(Dataset items)
######

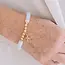 This gorgeous stretch bracelet features a beautiful blue dyed jade stone and our favorite anti-tarnish gold beads. We added a Cubic Zirconia crystal cross as a charm for this beauty.Â
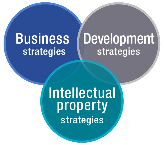 Image of integrating three strategies which are business strategy, development strategy, and intellectual property strategy.
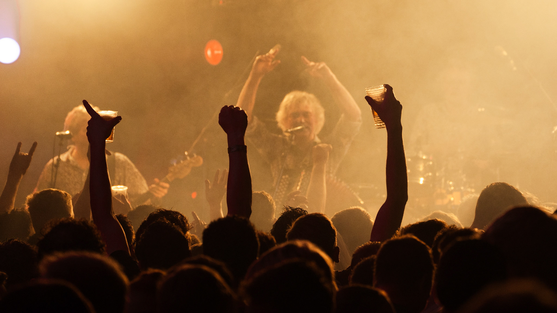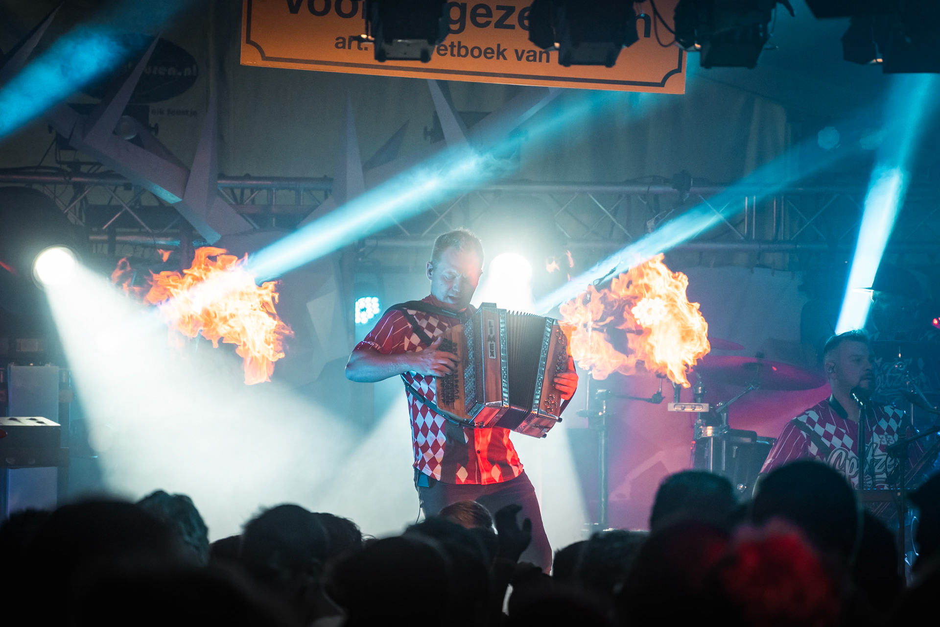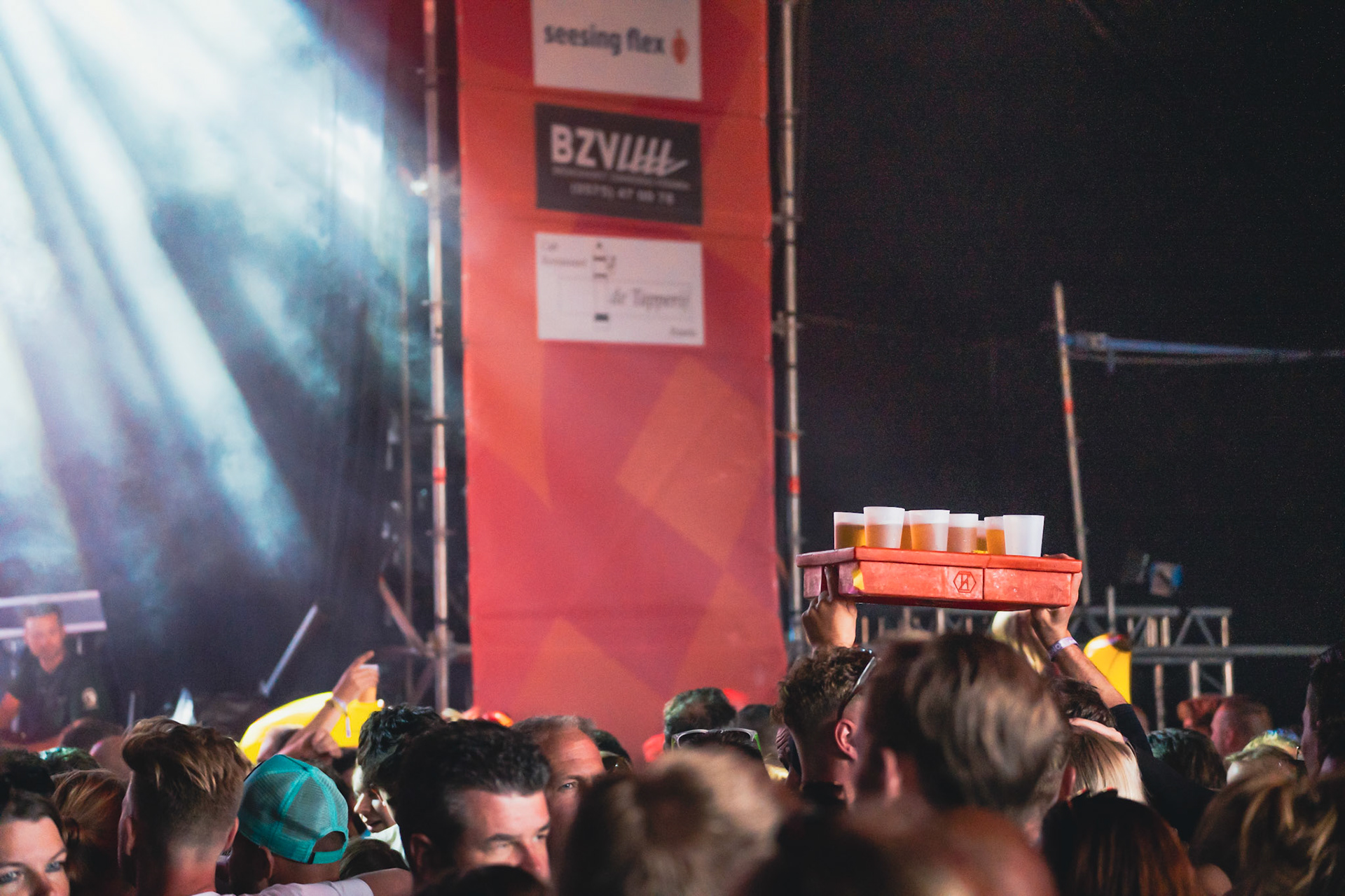 Onder de gekleurde lampen
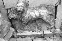 Jordan. Iraq al-Amir, feline fountain (bottom) and lion frieze (top) of Qasr al-Abd east wall
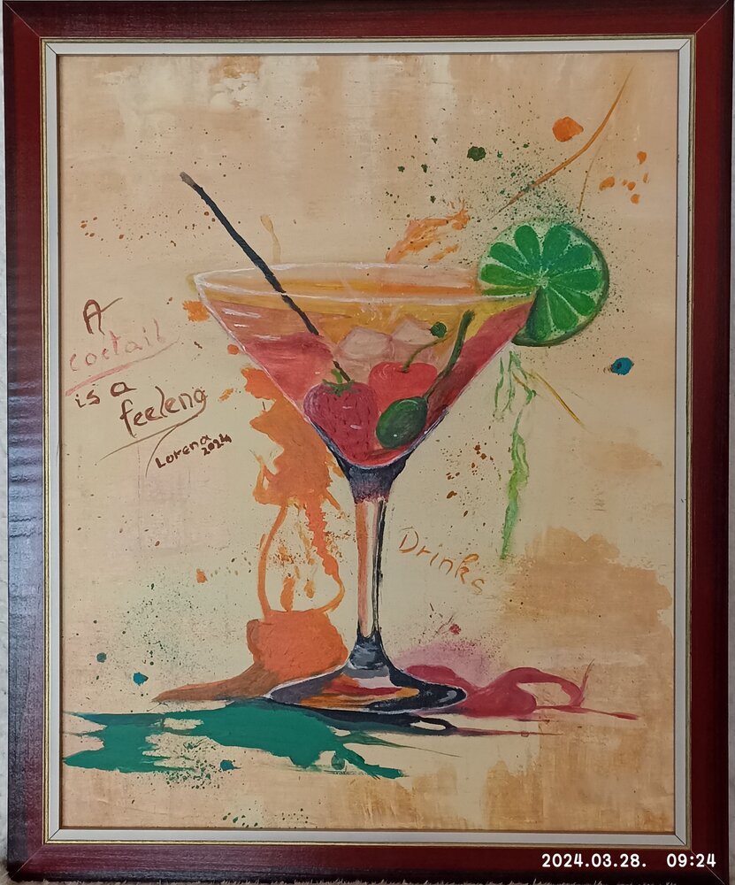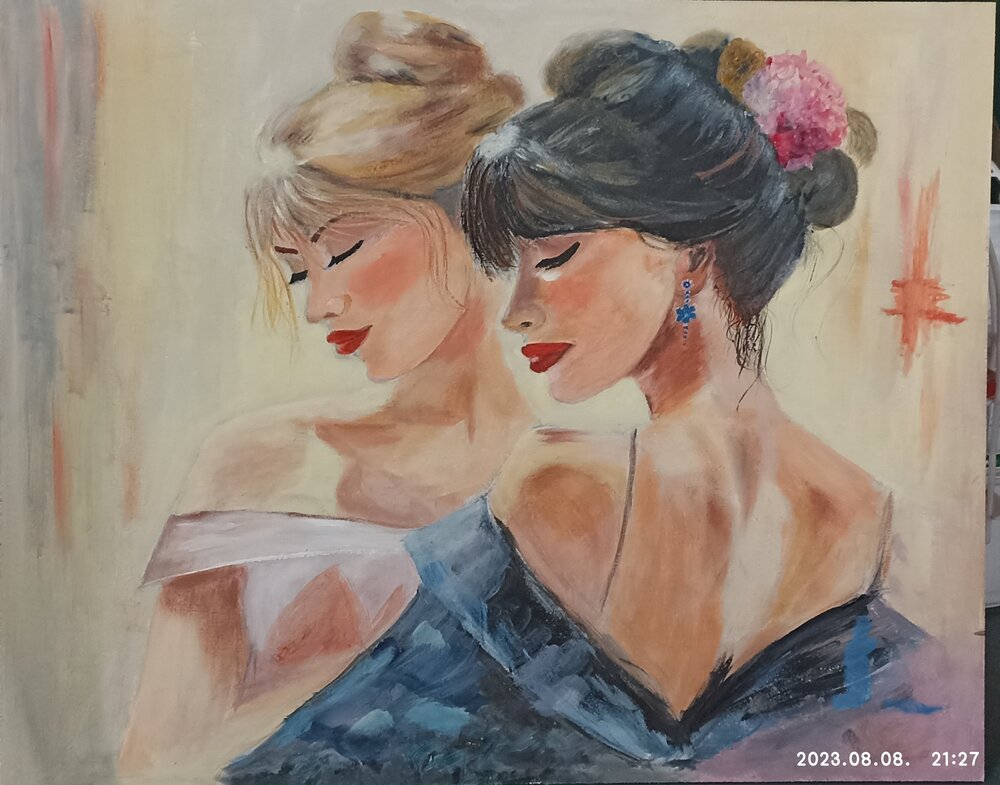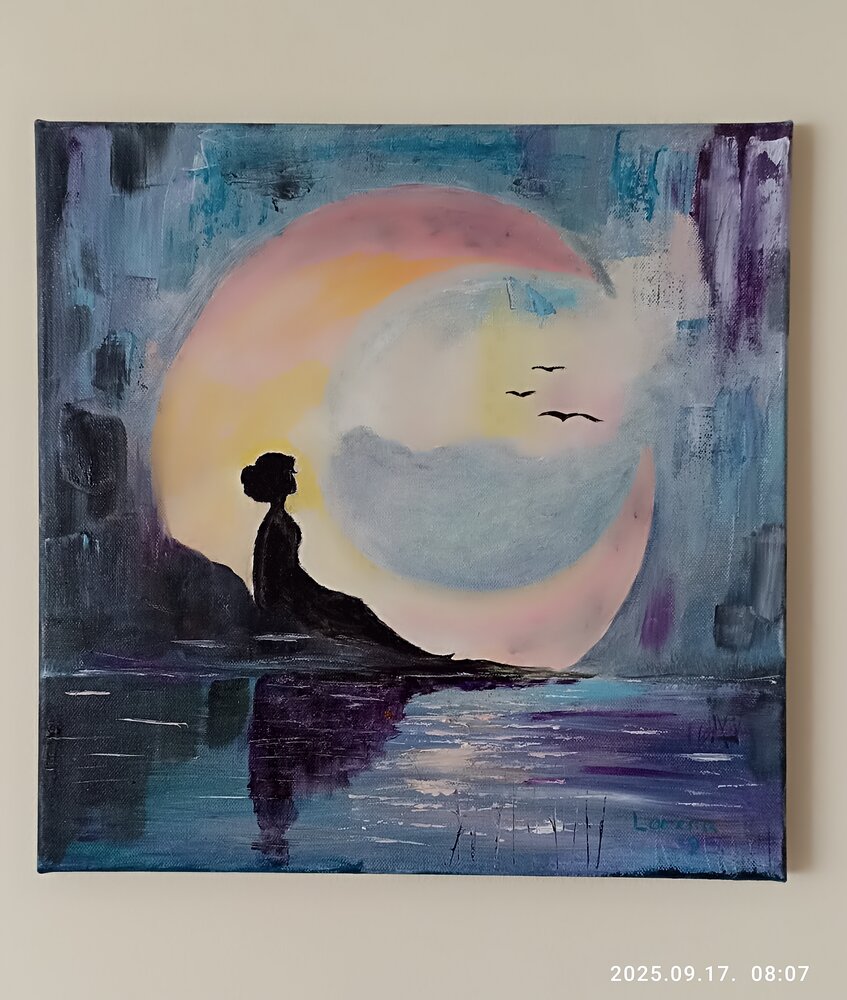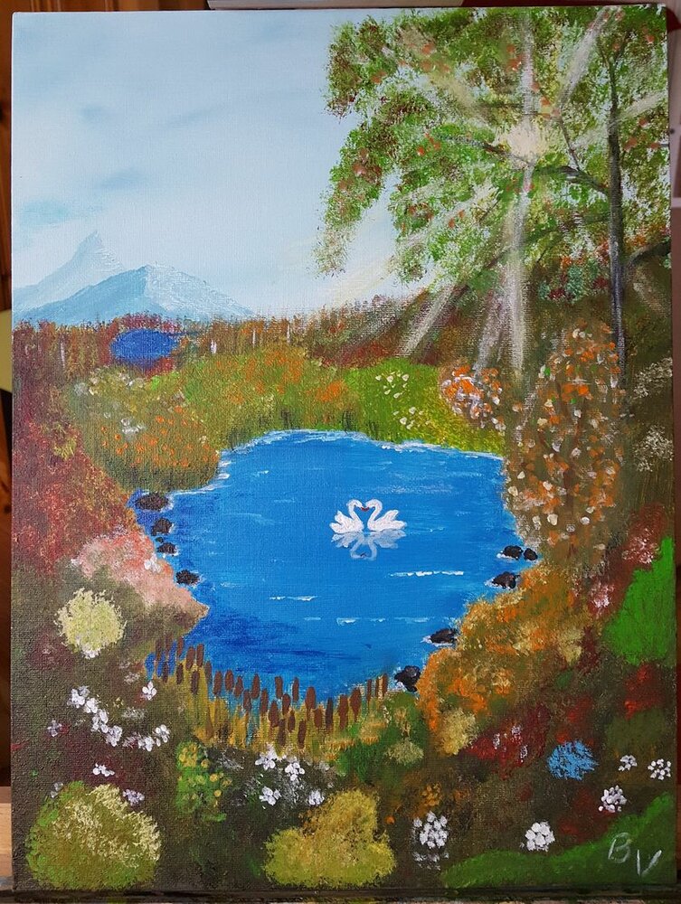Közösen kiválasztott kép, festőtáborban festettük a lányokkal. Mindenki belevitte a saját stílusát, neten találtuk a képet, kicsit sem hasonlít. :) Mindenki saját címet adott neki.

######

Your task is to reproduce exactly the lines from the start of the data above through the line containing "Jordan. Iraq al-Amir, feline", leaving every picture out.

== YOUR SOLUTION ==
 This gorgeous stretch bracelet features a beautiful blue dyed jade stone and our favorite anti-tarnish gold beads. We added a Cubic Zirconia crystal cross as a charm for this beauty.Â
 Image of integrating three strategies which are business strategy, development strategy, and intellectual property strategy.
 Onder de gekleurde lampen
 Jordan. Iraq al-Amir, feline fountain (bottom) and lion frieze (top) of Qasr al-Abd east wall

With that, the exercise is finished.